Pertama, parpol Islam merupakan representasi dari umat Islam. Walaupun dalam praktik, adakalanya politik yang dijalankan tidak merepresentasikan aspirasi umat Islam.
Misalnya dalam pemilihan Gubernur-Wakil Gubernur DKI, umat Islam kecewa pada PPP, tetapi demi penyelamatan eksistensi partai setelah dipecah belah dan mendapat tekanan luar biasa, akhirnya secara taktis melakukan pemihakan kepada calon yang tidak dikehendaki umat Islam. Semua menyesali, tetapi demi kepentingan strategis penting memaafkan dan menolong mereka.
Kedua, untuk perimbangan kekuasaan. Umat Islam yang terpuruk dalam bidang ekonomi, jangan pula dibiarkan terus terpuruk dalam bidang politik karena membahayakan kepentingan umat Islam dan seluruh bangsa Indonesia.
Islam adalah agama yang dianut oleh mayoritas penduduk Indonesia, tetapi tidak satupun pasal atau ayat dalam konstitusi kita yang menyebutkan bahwa Islam adalah satu-satunya agama resmi di Indonesia yang umatnya harus dilindungi dan diutamakan.
Umat Islam harus berkompetisi di bidang politik, ekonomi, sosial dan sebagainya untuk mendapatkan tempat yang terhormat. Jika mereka lemah dibidang ekonomi dan lemah pula di bidang politik dan bidang-bidang lain, maka umat Islam Indonesia hanya menjadi alat dan obyek seperti selama ini.

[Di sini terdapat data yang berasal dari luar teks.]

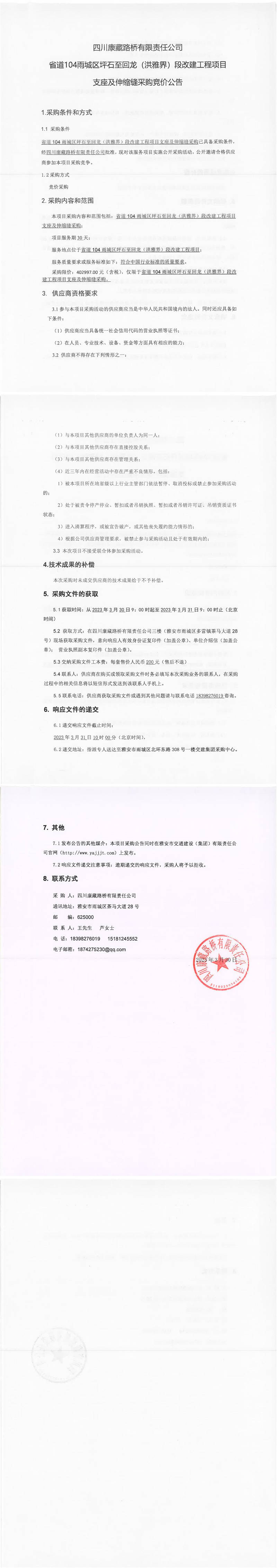 四川康藏路橋有限責(zé)任公司省道104雨城區(qū)坪石至回龍(洪雅界)段改建工程項(xiàng)目支座及伸縮縫采購競價(jià)公告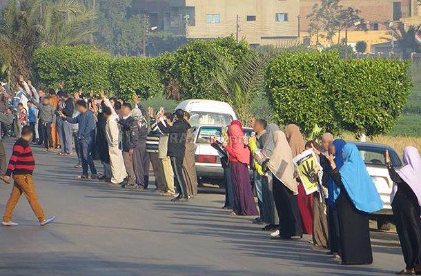 وفي قرية الأعلام التابعة لمركز الفيوم، نظم الأهالي سلسلة بشرية، امتدت على طريق الفيوم- القاهرة الصحراوي، ورفع المشاركون خلالها لافتات مطالبة بوقف إعدام الوطن وأخرى مطالبة بالإفراج الفوري عن جميع المعتقلين .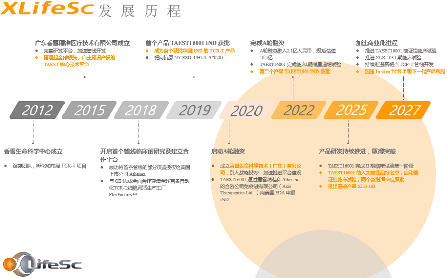 公司持续拼搏,于2018年开启了首条管线的临床前研究,并与美国通用电气公司达成全面合作建造了全球首条自动化TCR-T细胞灵活生产工厂FlexFactoryTM,同年将首条管线的部分权益授权给美国上市公司Athenex。2019年,首个管线产品TAEST16001注射液IND获批,成为首个获批中国IND的TCR-T细胞治疗产品。2020年香雪精准成立了子公司——香雪生命科技技术(广东)有限公司(简称:香雪生命科学或XLifeSc,即现在的公司名称),并启动了A轮融资。2022年,完成A轮融资2.1亿元人民币,并完成首个产品的I期临床研究,其安全性得到确认,同年获得第二款产品TAEST1901注射液的IND批件。2023年,首款产品完成II期临床研究第一阶段,因疗效显著于2024年8月被CDE纳入突破性治疗名单,2025年启动了确证性临床研究,并获批了两个新增适应症的IND。首款产品预计将在2027年底获批上市。经过10多年的深耕和发展,XLifeSc已成为国内TCR免疫治疗的头部企业,已建成了多个成熟的功能团队,包括技术研发团队、临床研究团队、细胞生产团队、质量(QA,QC)团队、公司运营团队、业务(市场)开发团队和财务管控团队。公司将不忘初心、奋力前行,为癌症患者开辟一条全新的有望治愈的癌症治疗途径,据此在该赛道代表中国参与国际竞争,提升中国生物医药产业的国际竞争力。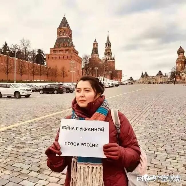 在莫斯科广场的中心,一名妇女举着“与乌克兰的战争,为俄罗斯感到羞耻。”的标语向路人展示自己反战的主张。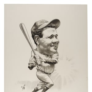 Original black-and-white caricature artwork of Babe Ruth by noted sports artist Bruce Stark. Signed by the artist in the lower-left. This striking piece captures Ruth in a swing-through pose. Bruce Stark is best remembered today for his work in the New York Daily News, where for over 20 years (1960-1982) he served as the paper's sports cartoonist and celebrity caricaturist. During that same span, his work also graced the covers of many well-read publications, including Time, Fortune, TV Guide, and Forbes. His interior illustration credits include The Saturday Evening Post, Mad, Reader's Digest, and Golf Digest. Today, his works can be found in the permanent collections of both the Baseball Hall of Fame and the Basketball Hall of Fame. His pedigree made him a natural choice for the partnership, and the offered drawing is the original used to create the team's shirt for the company. It is signed by Stark to the left of the image. Measuring 14.5 x 19 inches, the artwork is in Excellent to Near Mint condition overall. The size/weight of this item requires that there will be an additional shipping charge for this lot.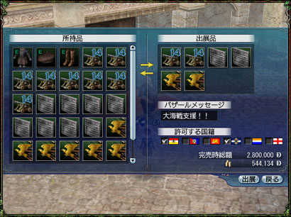 “大海戦”期間中(対象街決定投票開始時から終盤戦終了時まで)、国家を指定してバザールを出店できるようになります。“大海戦”支援のため、自国と連盟国のプレイヤーキャラクターだけに物品を供給したい時などにご活用ください。 |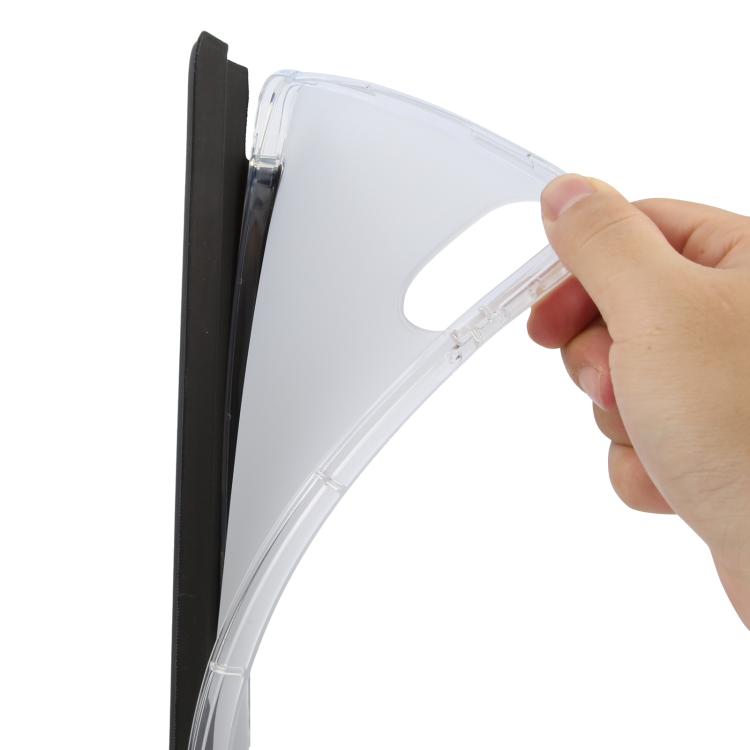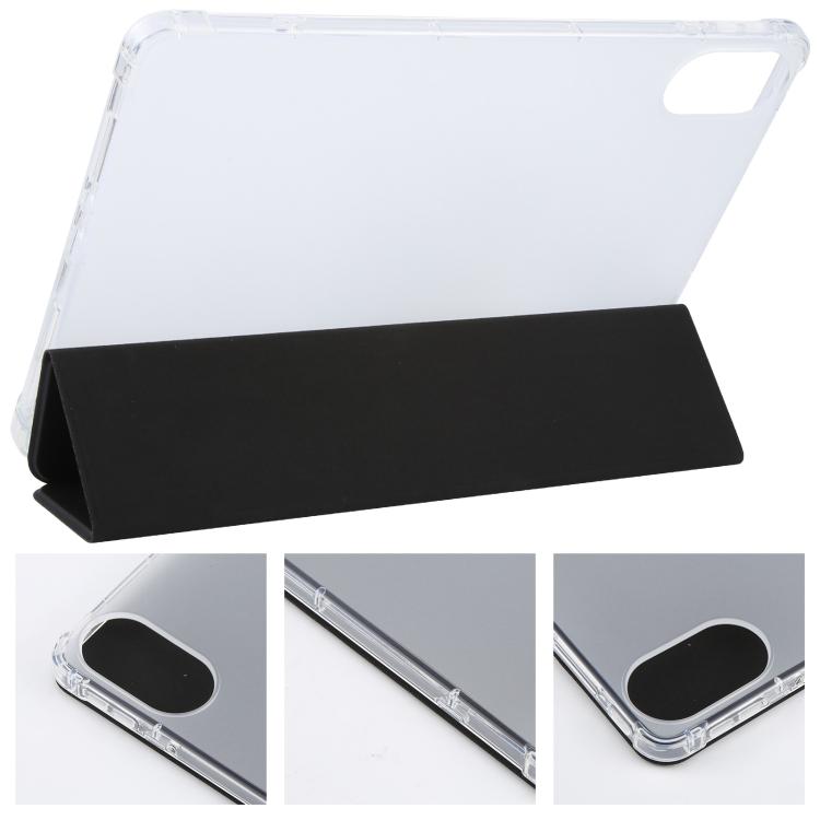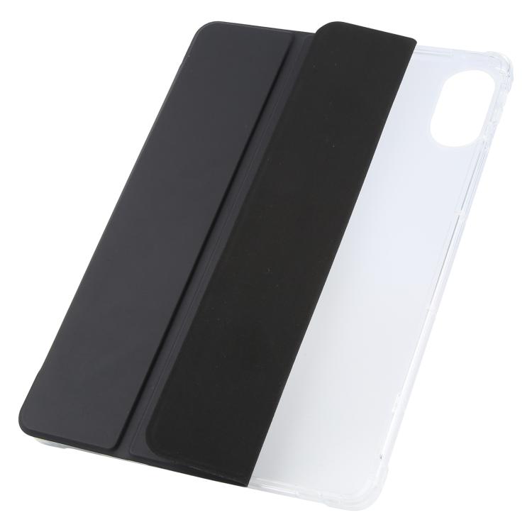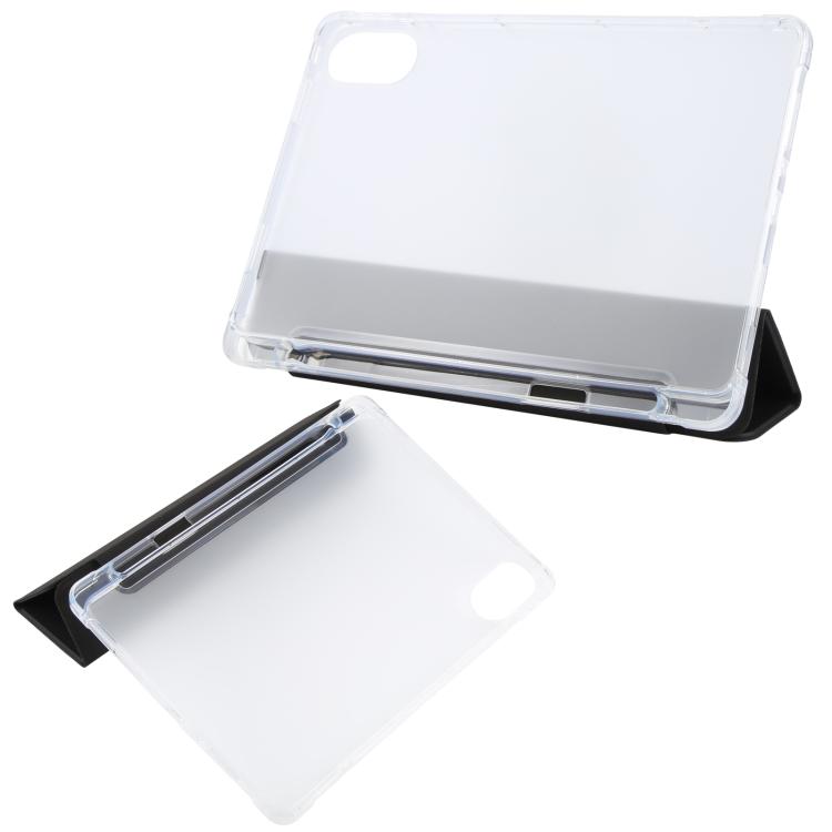 Funda de cuero inteligente de TPU transparente de 3 pliegues para Xiaomi Redmi Pad 2 con ranura para bolígrafo (negra)
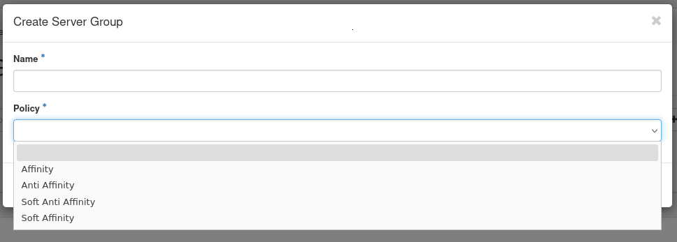 A Server Group can have one of four different policies: Affinity, Soft Affinity, Anti Affinity or Soft Anti Affinity.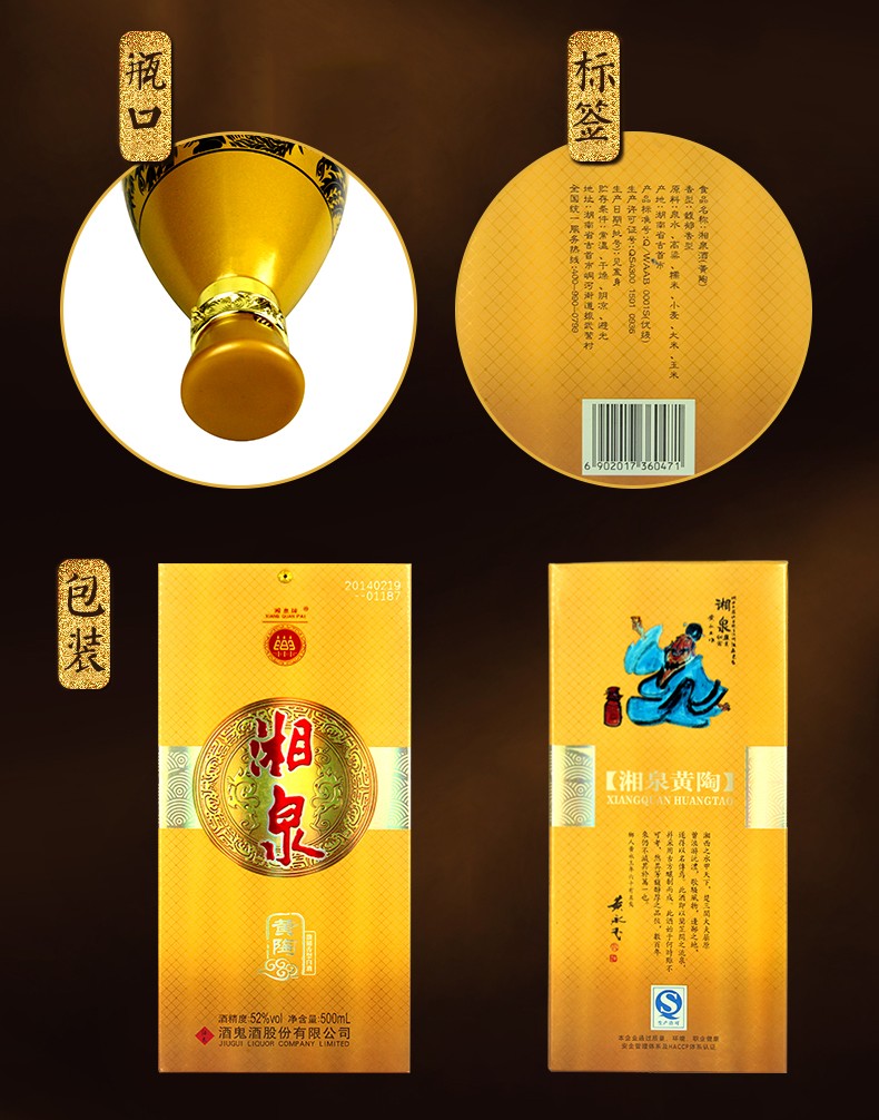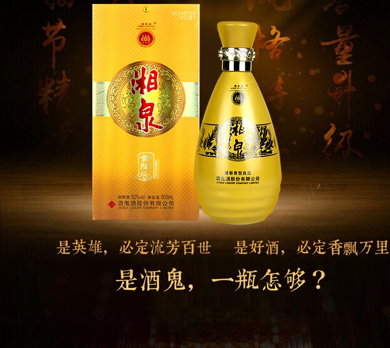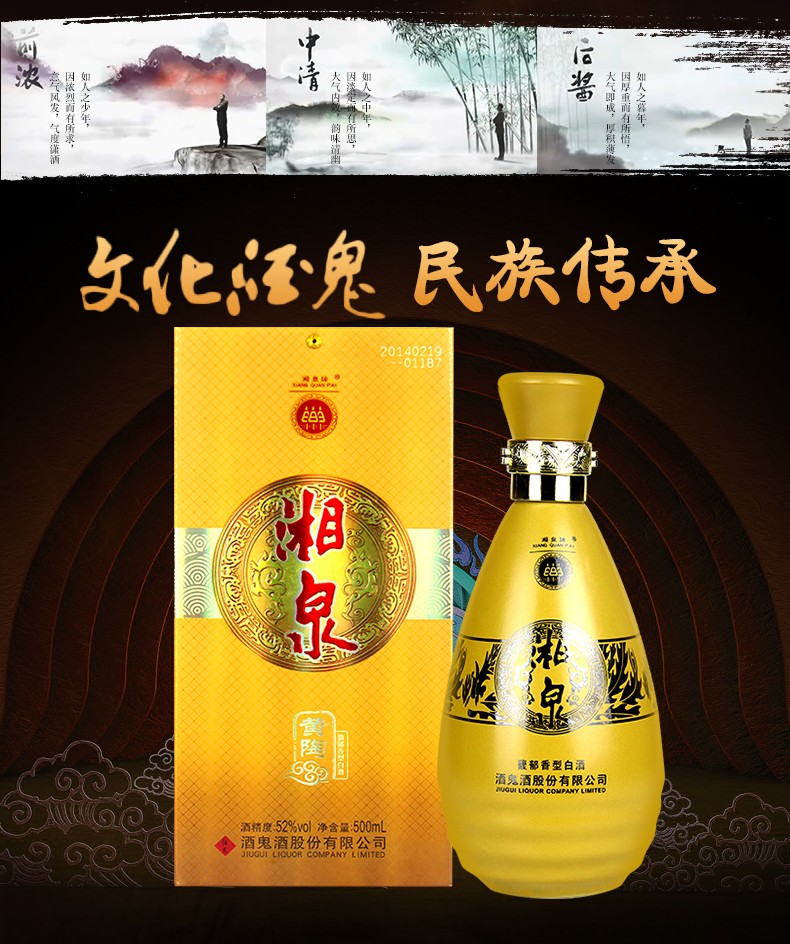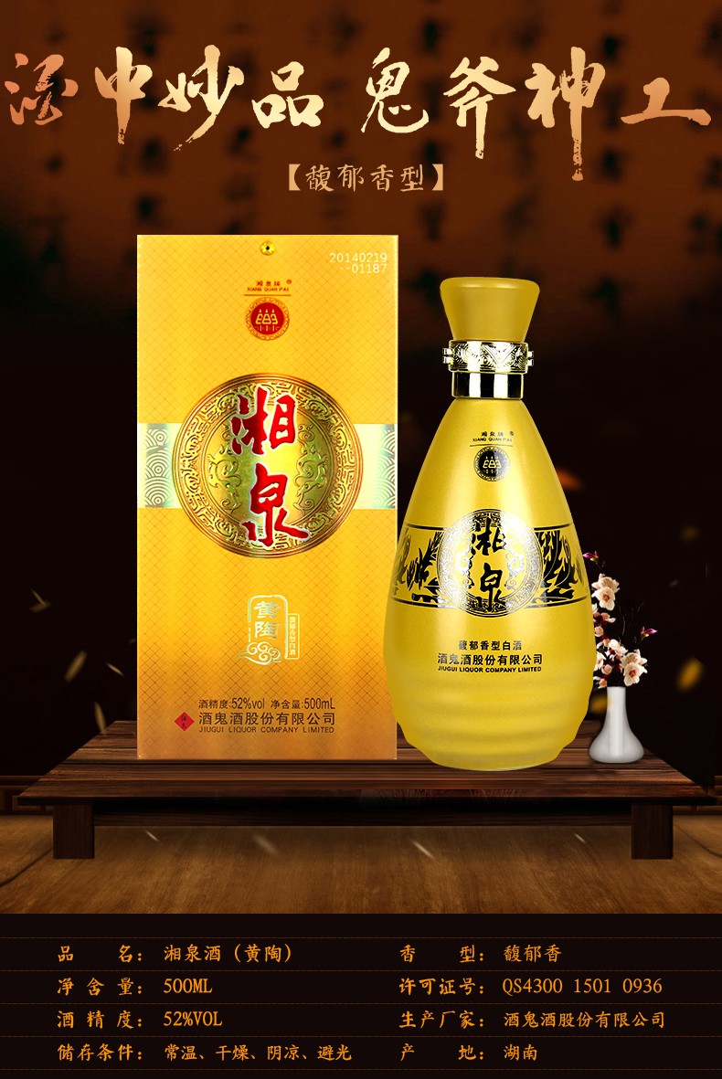 酒鬼湘泉黄陶 52度馥郁香型白酒口粮酒 整箱500ml*6瓶包邮

Ketiga, untuk mendorong kemajuan bersama. Umat Islam mayoritas di Indonesia, tetapi sumber daya manusia (SDM) pada umumnya rendah. Penduduk Indonesia sekitar 76 persen berpendidikan sekolah menengah pertama dan tidak tamat sekolah dasar. Mayoritas diantaranya adalah umat Islam.
Konsekuensi dari itu, mereka miskin dan terkebelakang. Sebab akibat pendidikan rendah, mereka tidak bisa bekerja di sektor formal dan juga tidak bisa membangun bisnis sendiri. Lebih menyedihkan lagi, mereka kurang pemahaman dan penghayatan agama sehingga menjadi obyek.
Untuk mendorong kemajuan umat Islam dan seluruh bangsa Indonesia, mustahil bisa dilakulan jika tidak mempunyai kekuatan di parlemen yang besar dan solid serta tidak memegang kekuasaan.
Keempat, ekonomi Indonesia sudah dikuasai pihak lain. Umat Islam mesti menyadari bahwa kondisi semacam ini tidak boleh berdiam diri, masabodo dan tidak berjuang. Mereka harus sadar, bangkit dan bersatu memperjuangkan nasib mereka. Allah sekali-kali tidak akan mengubah nasib mereka sehingga mereka mengubah nasib mereka sendiri.
Dalam bidang ekonomi, mereka harus berjuang membuat regulasi di parlemen yang memihak kepada kepentingan seluruh bangsa Indonesia yang termarjinalisasi dan lemah.
Untuk mewujudkan hal itu, maka mereka wajib memilih calon-calon dari partai-partai politik Islam dalam pemilu 2019 untuk memperjuangkan dan mewujudkan berbagai UU yang memihak kepada mereka yang selama 73 tahun Indonesia merdeka dan 52 tahun membangun belum memperoleh keadilan sosial.
Kelima, semua parpol Islam elektabilitasnya dalam menghadapi pemilu 2019 masih rendah. Kalau mereka tidak ditolong, maka nasib umat Islam akan semakin terpuruk karena mereka sudah termarjinalisasi di semua bidang seperti ekonomi, politik, sosial dan sebagainya.
Karena umat Islam adalah mayoritas di negeri ini, maka yang rugi dan akan menanggung dampak negatifnya adalah seluruh bangsa Indonesia jika mereka tetap dibiarkan lemah, diperlemah dan tidak maju.